Write out the data exactly, please, and omit the pictures.

(Beginning of EXERCISE DATA)

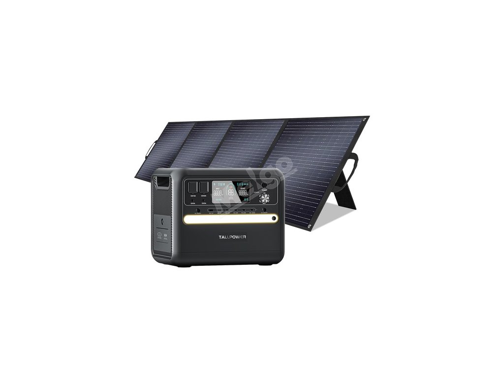 Přenosná napájecí stanice TALLPOWER V2400 + TP200 solární panel, 2160Wh, 2400W, UPS, LED, 13 výstupů - černá
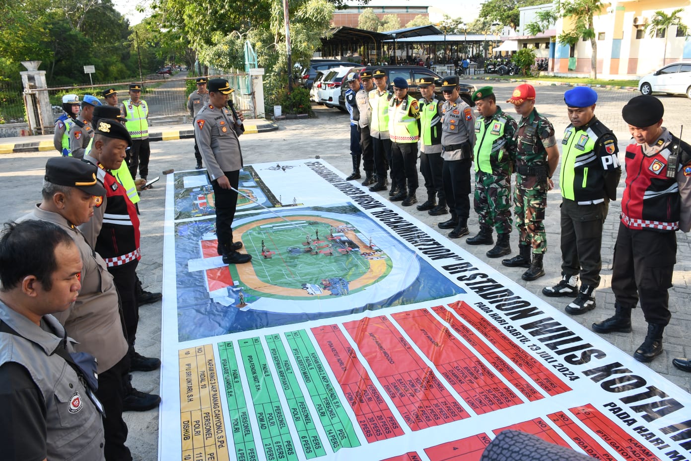KOTA MADIUN I jk – Kapolres Madiun Kota, AKBP Agus Dwi Suryanto, S.I.K., M.H., memimpin Apel Persiapan Pengamanan untuk konser musik “ROCKAMINATION FESTIVAL” yang akan menampilkan Band Rock Ternama Indonesia seperti Band SID, Bomerang Reload, Burgerkill dan Band Lokal di Stadion Wilis, Kecamatan Kartoharjo, Kota Madiun, Minggu (14/7/2024) Sore.
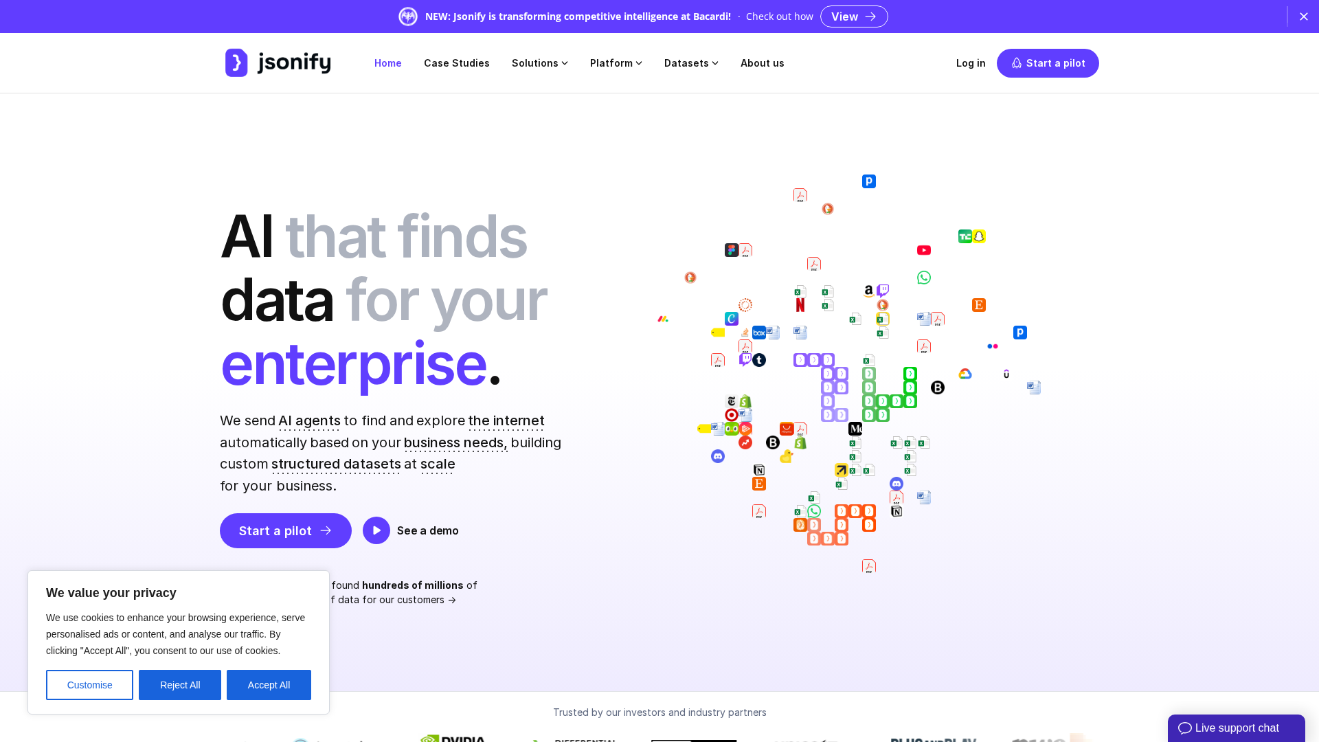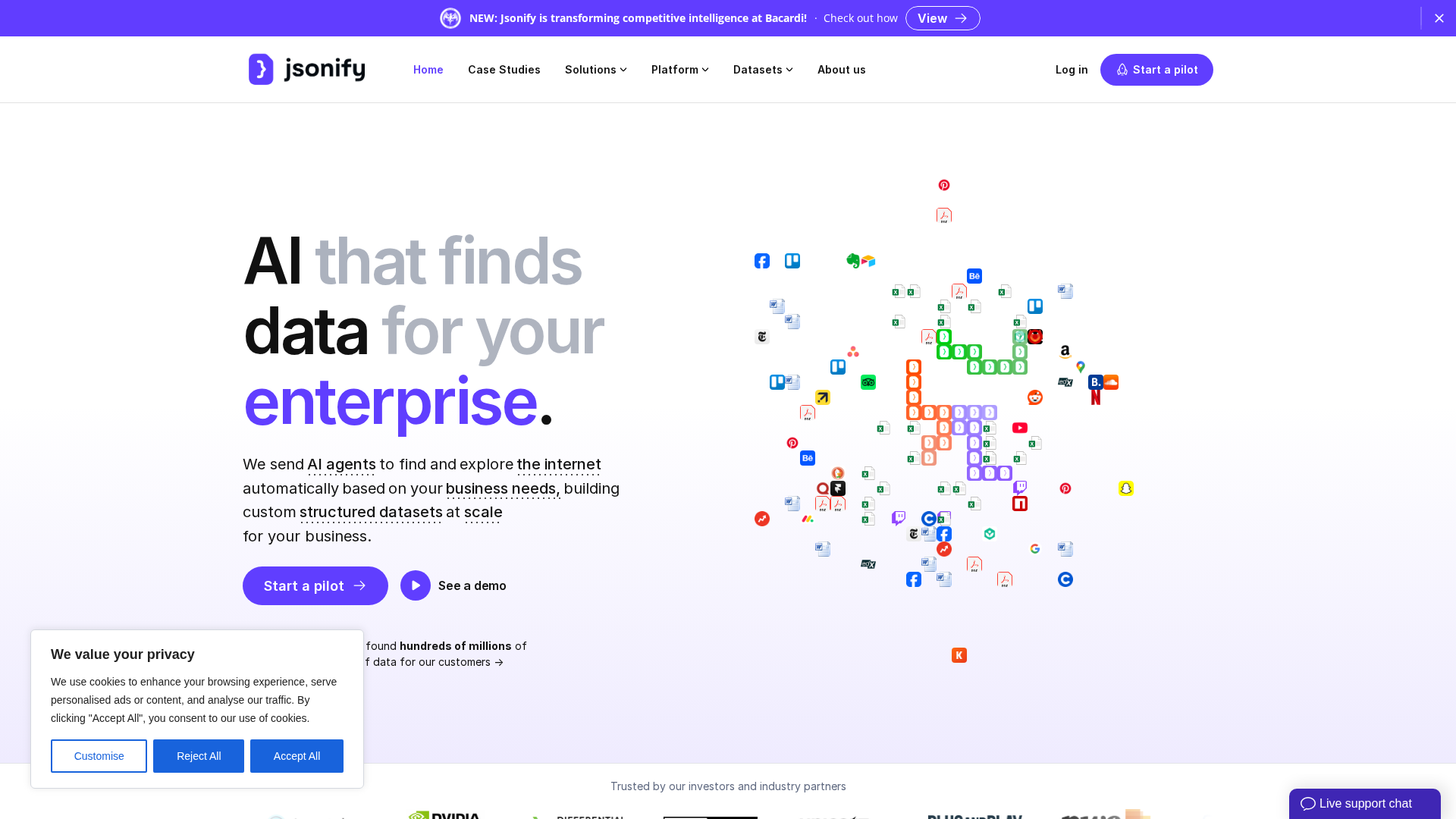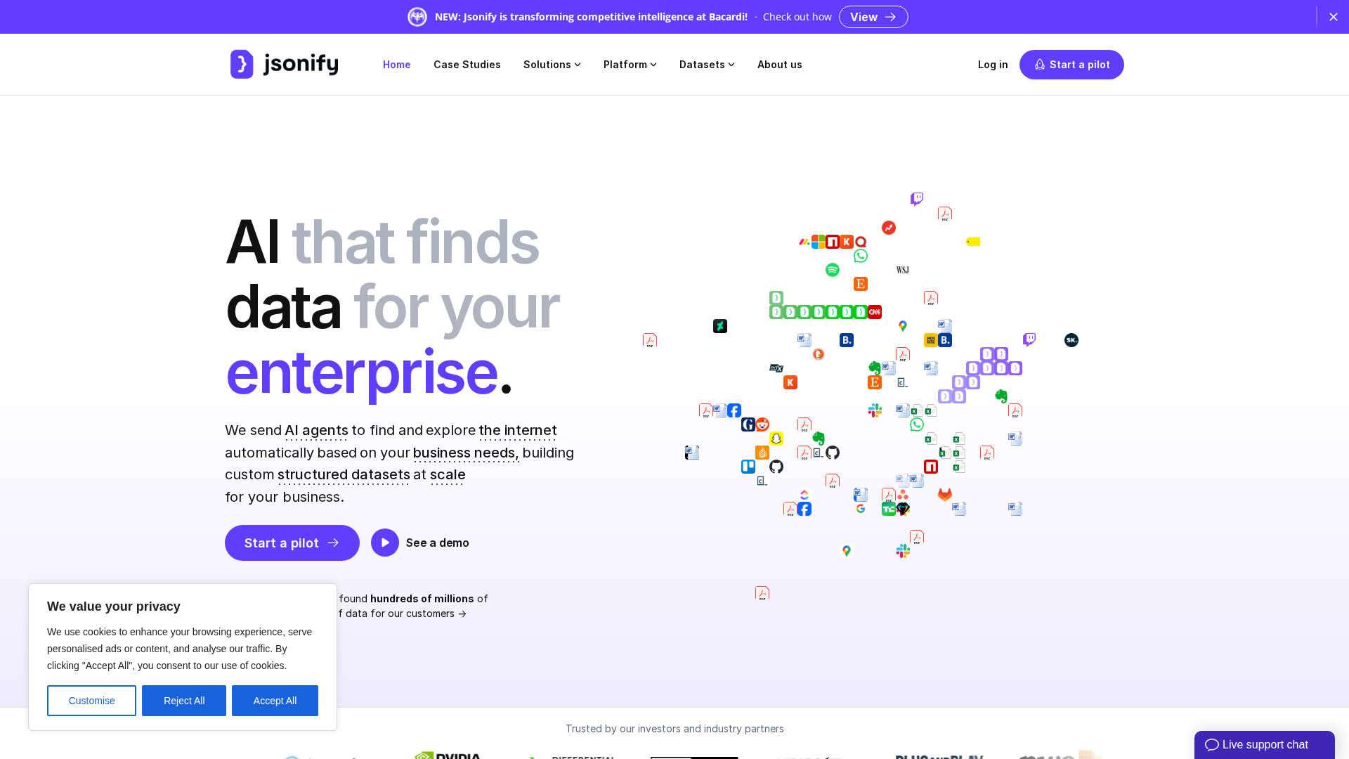 Jsonify deploys intelligent agents that read and extract structured data from very large numbers of sources across the web, documents, and native mobile apps. It uses ordered workflows to run collection tasks in parallel across many sites and sources, combining and massaging results into enterprise-grade outputs (datasets, dashboards, alerts, managed services). Agents can navigate complex sites, parse images and documents, fill forms to access data behind forms, and monitor changes over time. The site emphasizes pilots, managed engagements, and requests for free sample datasets rather than public pricing. Publication timestamp observed on pages: 2025-11-12T00:00:00+00:00.

(End of EXERCISE DATA)

YOUR RESPONSE:
 Přenosná napájecí stanice TALLPOWER V2400 + TP200 solární panel, 2160Wh, 2400W, UPS, LED, 13 výstupů - černá
KOTA MADIUN I jk – Kapolres Madiun Kota, AKBP Agus Dwi Suryanto, S.I.K., M.H., memimpin Apel Persiapan Pengamanan untuk konser musik “ROCKAMINATION FESTIVAL” yang akan menampilkan Band Rock Ternama Indonesia seperti Band SID, Bomerang Reload, Burgerkill dan Band Lokal di Stadion Wilis, Kecamatan Kartoharjo, Kota Madiun, Minggu (14/7/2024) Sore.
 Jsonify deploys intelligent agents that read and extract structured data from very large numbers of sources across the web, documents, and native mobile apps. It uses ordered workflows to run collection tasks in parallel across many sites and sources, combining and massaging results into enterprise-grade outputs (datasets, dashboards, alerts, managed services). Agents can navigate complex sites, parse images and documents, fill forms to access data behind forms, and monitor changes over time. The site emphasizes pilots, managed engagements, and requests for free sample datasets rather than public pricing. Publication timestamp observed on pages: 2025-11-12T00:00:00+00:00.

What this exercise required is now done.